▶ _THE TASK_
Write out, word for word, the part of the listing below that opens with the line containing "D40 For PE Neck / 30ml capacity" and closes with the line containing "Physarum album is", keeping both of those lines and adding no others.

▶ _DATA FOR REVIEW_
Segment Open

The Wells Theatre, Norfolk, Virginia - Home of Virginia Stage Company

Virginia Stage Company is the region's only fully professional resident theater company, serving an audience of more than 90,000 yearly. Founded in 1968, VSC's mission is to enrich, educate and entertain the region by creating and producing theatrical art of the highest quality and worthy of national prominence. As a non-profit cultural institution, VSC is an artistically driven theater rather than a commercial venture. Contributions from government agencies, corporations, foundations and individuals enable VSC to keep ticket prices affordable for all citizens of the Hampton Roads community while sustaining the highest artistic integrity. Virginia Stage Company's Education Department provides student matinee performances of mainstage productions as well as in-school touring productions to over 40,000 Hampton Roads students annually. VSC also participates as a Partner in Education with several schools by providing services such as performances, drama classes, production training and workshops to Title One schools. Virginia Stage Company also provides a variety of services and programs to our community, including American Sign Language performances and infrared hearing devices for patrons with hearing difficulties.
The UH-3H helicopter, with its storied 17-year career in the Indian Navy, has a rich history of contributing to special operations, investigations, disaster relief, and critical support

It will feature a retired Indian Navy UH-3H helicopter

Segment Closed
Segment Open

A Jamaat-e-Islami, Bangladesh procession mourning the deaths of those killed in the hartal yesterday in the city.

Segment Closed
Segment Open

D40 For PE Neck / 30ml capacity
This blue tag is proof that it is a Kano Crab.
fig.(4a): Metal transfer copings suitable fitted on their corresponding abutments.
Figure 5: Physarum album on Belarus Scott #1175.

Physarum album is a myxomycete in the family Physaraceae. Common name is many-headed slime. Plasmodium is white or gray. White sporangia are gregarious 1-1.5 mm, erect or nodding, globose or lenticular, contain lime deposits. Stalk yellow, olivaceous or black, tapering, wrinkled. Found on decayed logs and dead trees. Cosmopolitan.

Segment Closed

▶ _ANSWER SPACE_
D40 For PE Neck / 30ml capacity
This blue tag is proof that it is a Kano Crab.
fig.(4a): Metal transfer copings suitable fitted on their corresponding abutments.
Figure 5: Physarum album on Belarus Scott #1175.

Physarum album is a myxomycete in the family Physaraceae. Common name is many-headed slime. Plasmodium is white or gray. White sporangia are gregarious 1-1.5 mm, erect or nodding, globose or lenticular, contain lime deposits. Stalk yellow, olivaceous or black, tapering, wrinkled. Found on decayed logs and dead trees. Cosmopolitan.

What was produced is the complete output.